Earle Brown, a major force in contemporary music and a leading composer of the American avant-garde since the 1950s, was associated with the experimental composers John Cage, Morton Feldman, and Christian Wolff who, with Brown, came to be known as the New York School. He died on 2 July 2002 at his home in Rye, New York.
Earle Brown was born in 1926 in Lunenburg, Massachusetts and, in spirit, remained a New Englander throughout his life. Like other artists from that region – Ives, Ruggles, Dickinson – he spoke with his own voice and found his own path. To America, these artists were iconoclasts, but to Europe they embodied America – and Brown was no exception: his music has been most frequently performed, studied, lauded, and revered by Europeans. Brown’s interest in a broad range of aesthetic expressions, ranging from the writings of James Joyce and the poetry of Gertrude Stein, Kenneth Patchen, and others, to the work of the Abstract Expressionist painters – and particularly Jackson Pollock and Alexander Calder – informed his own work. He said, as recently as 2000, that “the earliest and still predominant influences on my conceptual attitude toward art were the works of Alexander Calder and Jackson Pollock...the integral but unpredictable ‘floating’ variations of a mobile, and the contextual ‘rightness’ of the results of Pollock’s directness and spontaneity in relation to the materials and his particular image of the work…as a total space (of time).”
Earle Brown’s influence on the avantgarde community has been philosophical as well as tangible and practical.
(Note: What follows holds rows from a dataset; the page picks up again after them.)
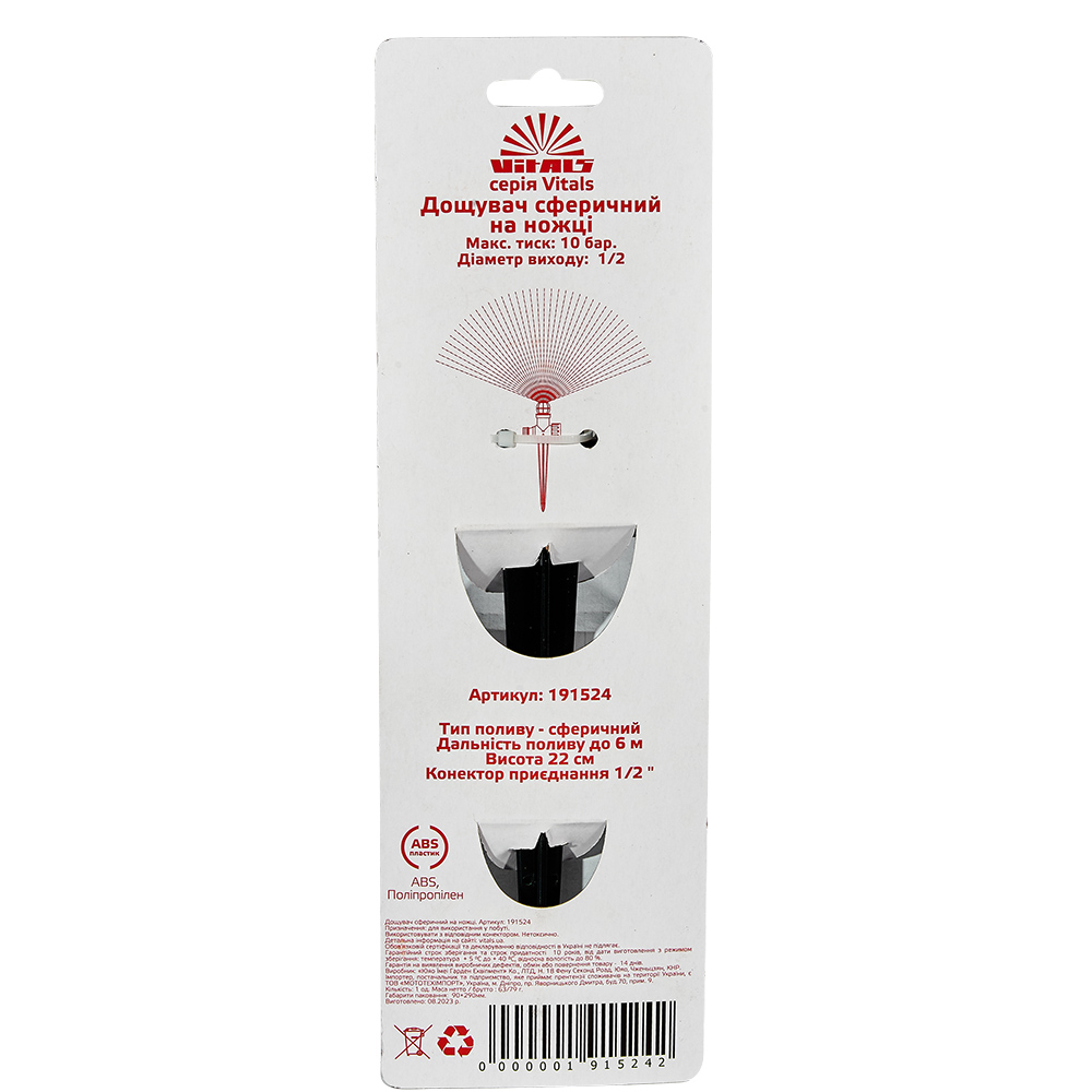 Дощувач сферичний на ніжці Vitals - це ідеальний варіант для забезпечення ефективного та рівномірного поливу вашого саду чи городу. Виготовлений із міцного і надійного АБС-пластику, цей дощувач забезпечує стабільну роботу зрошення протягом тривалого часу.
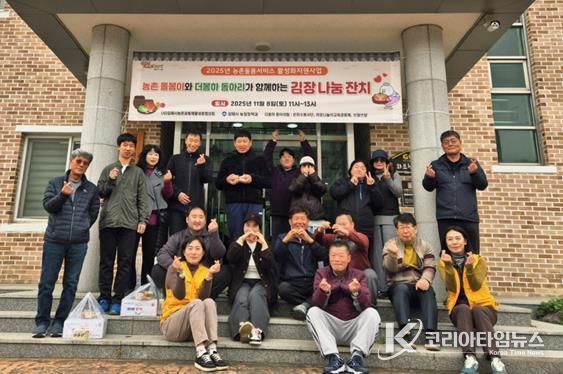 코리아타임뉴스 오영주 기자 | (사)김해시농촌공동체활성화협의회는 지난 8일 진영읍 더봉하센터에서 ‘2025년 농촌돌봄이와 더봉하동아리가 함께하는 김장나눔 잔치’를 열어 어르신과 발달장애인 가족을 초청해 따뜻한 나눔을 실천했다고 12일 밝혔다.
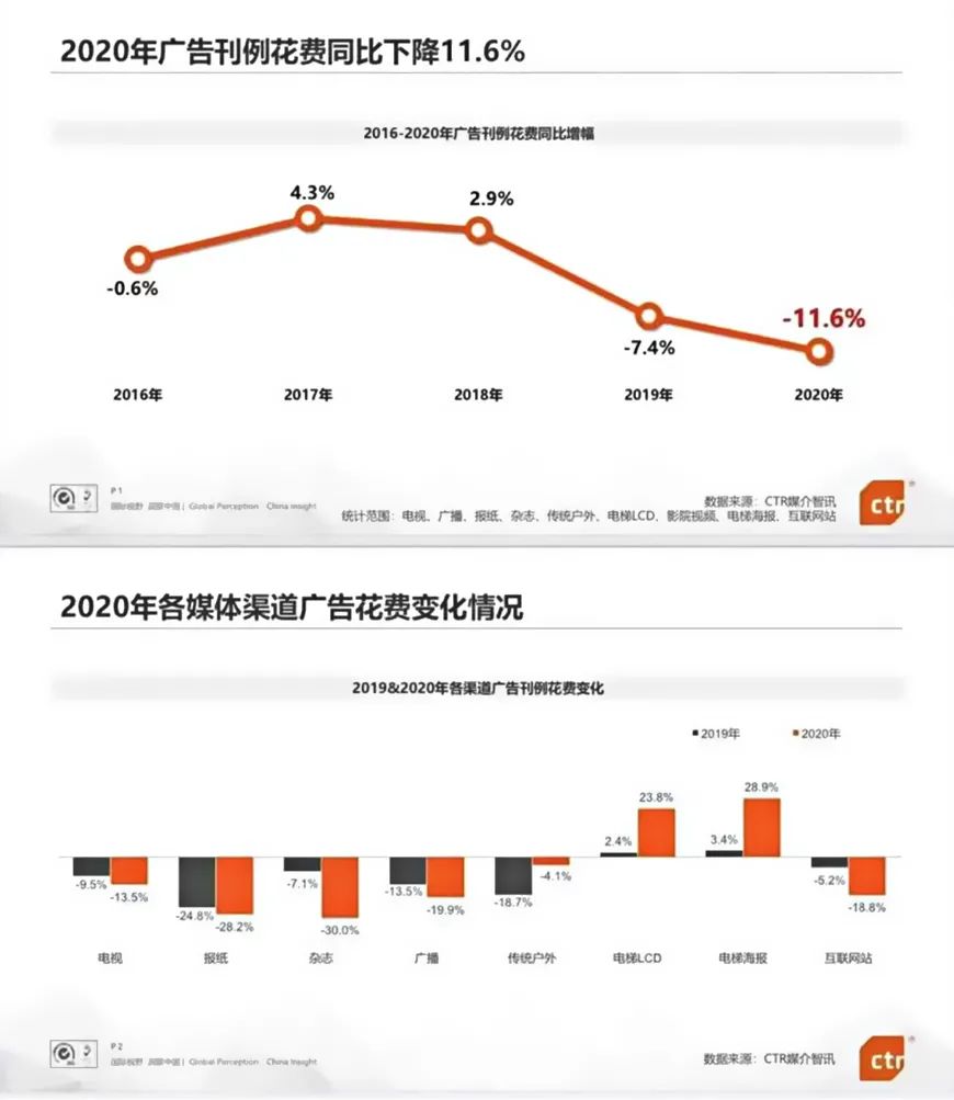 根据CTR年初发布的报告《2020年中国广告市场年度盘点》,2020年广告刊例花费同比下降11.6%。受疫情影响,这是近五年来下降最大的一年。
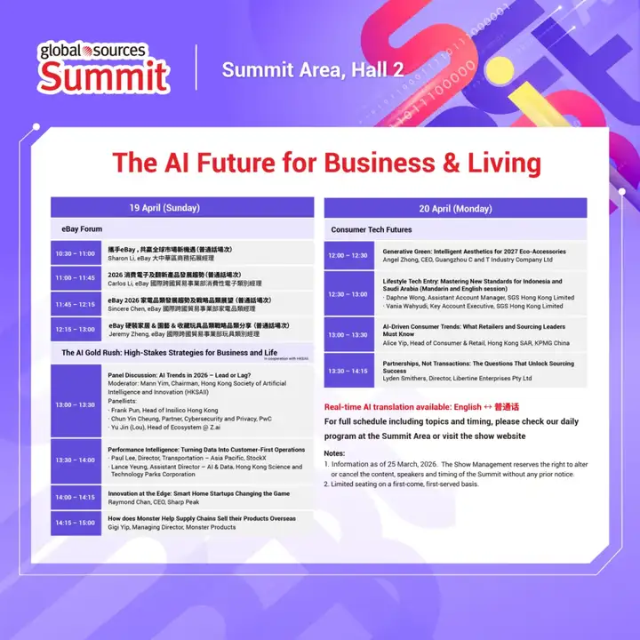 贯穿整个环球资源四月香港展的系列研讨会,旨在帮助买家制定 2026 年破局战略,拓展关键合作人脉,构筑市场竞争优势。二期研讨会将重点解读 AI 零售生态、智慧采购策略、营运效能与消费者数据,前瞻科技创新趋势。
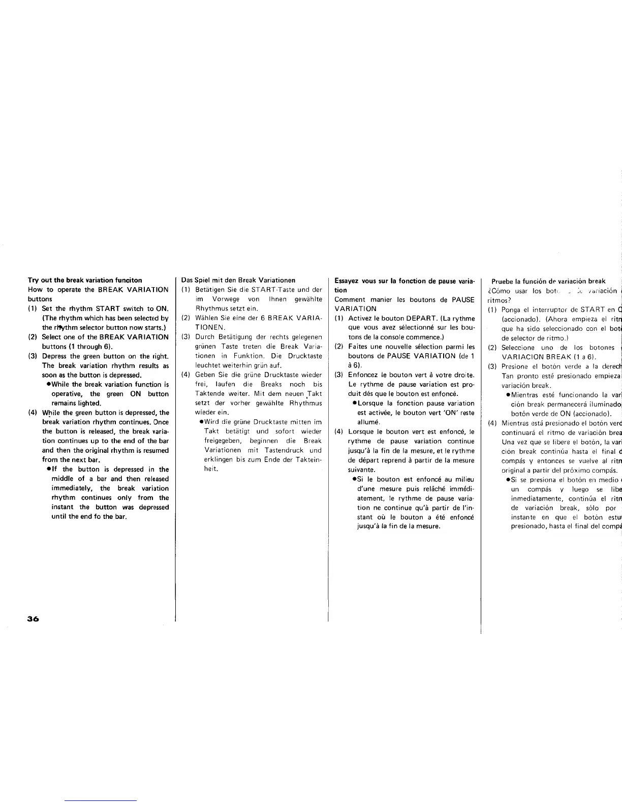 Yamaha Electone E-45 - Operating Break Variation Buttons
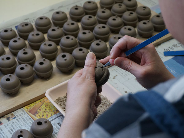 ▲招き猫の底面を整えている様子。
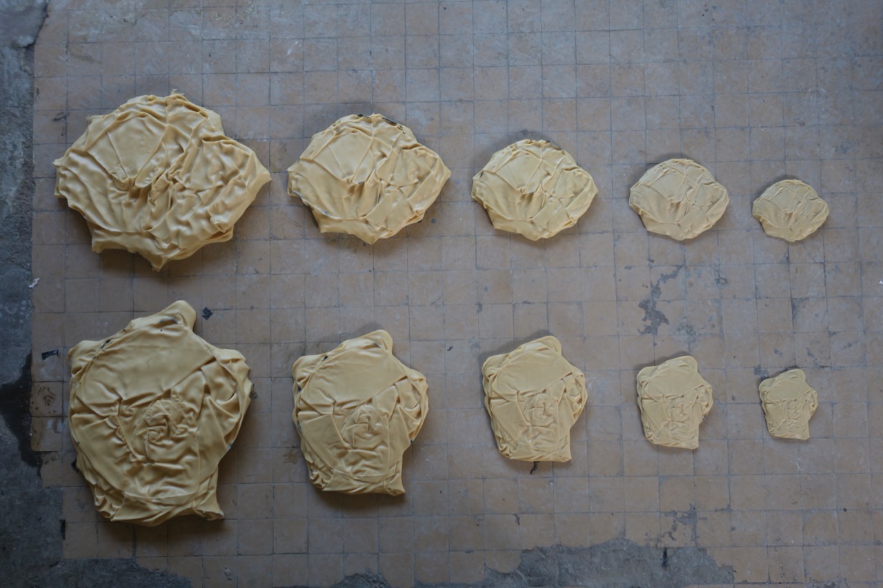 Two of the Airless toys where selected to be enlarged for 300% to 400%. After that they where electroformed in copper and realistically spray painted with the original design.

His conducting techniques and experiments with “time notation,” improvisation, and open-form compositional structure have become part of contemporary compositional usage. Among Brown’s most frequently performed and reinterpreted works is DECEMBER 1952, the score of which is a stark, abstract series of floating rectangles – a musical equivalent to a Calder mobile. His early influential orchestral scores include Available Forms 1 and Available Forms 2, and his musical friendships were legendary, from Bruno Maderna who conducted first performances of many of Brown’s works to jazz musicians such as Zoot Sims and Gerry Mulligan.
Brown received many commissions, residencies, and awards, including a Guggenheim award; an honorary doctorate from the Peabody Conservatory of Music (1970) where he held the W. Alton Jones Chair of Music; and the John Cage Award from the Foundation for Contemporary Performance Arts, among others. Among his many residencies were those at the California Institute of the Arts, Yale University, the Tanglewood and Aspen Music Festivals, the American Academy in Rome, and the Basel Conservatory of Music.
On 20 November 2002 The Museum of Modern Art, New York, hosted an homage to one of the great American composers of the twentieth century: In Memoriam: A Concert of Selected Works by Earle Brown. The program included works, selected by Brown in conversation with his wife Susan shortly before his death, that span his career: Music for Violin, Cello and Piano (1952); Corroboree (1964); New Piece (1971); Centering (1973); Tracking Pierrot (1992); and Special Events (1998).